Сэмюель не возражал. Та онемелость рук все ещё не прошла. Отдохнуть во что бы то ни стало — только эта мысль возвращалась с каждым витком. Даже костёр не стали разжигать, как я повалился носом в будто-бы мягкую горку круглых булыжников. Рассыпавшаяся с одной стороны куча обнажила ступни какого-то мертвяка. Мне было все равно, чья-то могила — я оставался распластан. Видать меня не скоро что-то сможет напугать, а это чувство надо вернуть. В отсутствии чувства самосохранения, чувство страха было единственным спасением.
-- Пошли!
-- Я хочу спать! - Чувство беспокойства сменилось апатией.
-- Веленк-а замёрзнет! Вставай и пошли — не время валаться.
-- Я не могу пошевелиться. Иди один.
-- Да и чёрт с тобой. Эй, да ты на могилу чью то улегся! Надо бы посмотреть, кто это.
-- Не трогай меня только.
-- Подвинься только, и не трону... Так... Чьё это тело? Да тут этих бугров с десяток будет. Сейчас посмотрю в соседнем... Смёрзлось всё. К чёрту! Вставай, пошли быстрей. Веленк-а почти замёрзла там одна.

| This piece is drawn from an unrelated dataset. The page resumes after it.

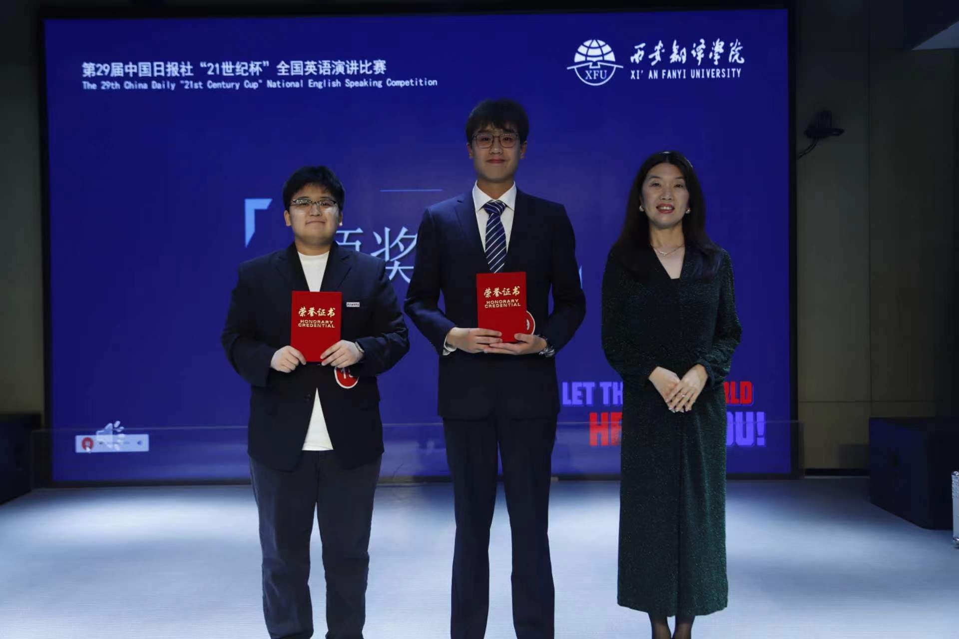 2024年4月23日下午,由教务处举办、英文学院协办的第29届中国日报社“21世纪杯”全国英语演讲比赛西安翻译学院校园赛在西区体验中心顺利举行,经过三个小时激励角逐,选手们大方异彩,比赛圆满落幕。

Его бормотание меня привело в себя.
-- Все пошли, только железку тащи сам.
-- Не, пошли сейчас вдвоём можно тащить. Быстрей только!
-- Я чувствую себя наипоследней лошадью, которая вот-вот сдохнет. - Вставая, пожаловался на судьбу в ответ.
-- Я забегу вперёд — Веленк-а может замёрзла уже.
-- Давай. - Не зная, как поднять оружие победы, чтобы потихонечку идти. Влачить за собой — ещё хуже.

Сэмюель убежал за скалы, что возвышались слева. Остановился передохнуть, жалея о оставленных санях. Что ж за напасть? Сейчас бы лечь и уснуть. Никогда так не уставал. Немеющими руками взгромоздил на плечо лезвие и косолапо заспешил следом.

Подходя увидел, что Сэмюель пытается растереть бесчувственное тело. Заспешил быстрее.
-- Как она?
-- Только что была в сознании.

Я скинул с себя запревшее верхнее, и оно тут же превратилось в замёрзшую корку — вот это мороз, а я как то не заметил. Укутать не получится. Пока Сэмюель растирал замёрзшие руки Веленк-и, я растирал ей ступни ног. На ощупь ледяные, но потихоньку отогреваются. Бросил верхнюю одежду ближе к огню, что так плохо греет в эту стужу. Белое лицо Веленк-и стало приобретать синеватый оттенок, и теперь приходил розоватый цвет. Видимо её оставили замерзать без обуви и без головного убора. Это была не жертва, а убийство.

Отогревшийся у костра верхнее, укутал к ногам Веленк-и, рукавами завязав узел, продевая их под мышками и завязав их с другой стороны узлом. Цепь вокруг её лодыжки мертвила плоть, как нож впиваясь холодом, хотя и была обтянута кожей сверху: кто-то проявлял трогательную заботу о своих жертвах.
-- Так дальше оставаться нельзя.
-- Разбей цепь, я пока попробую привести её в чувство.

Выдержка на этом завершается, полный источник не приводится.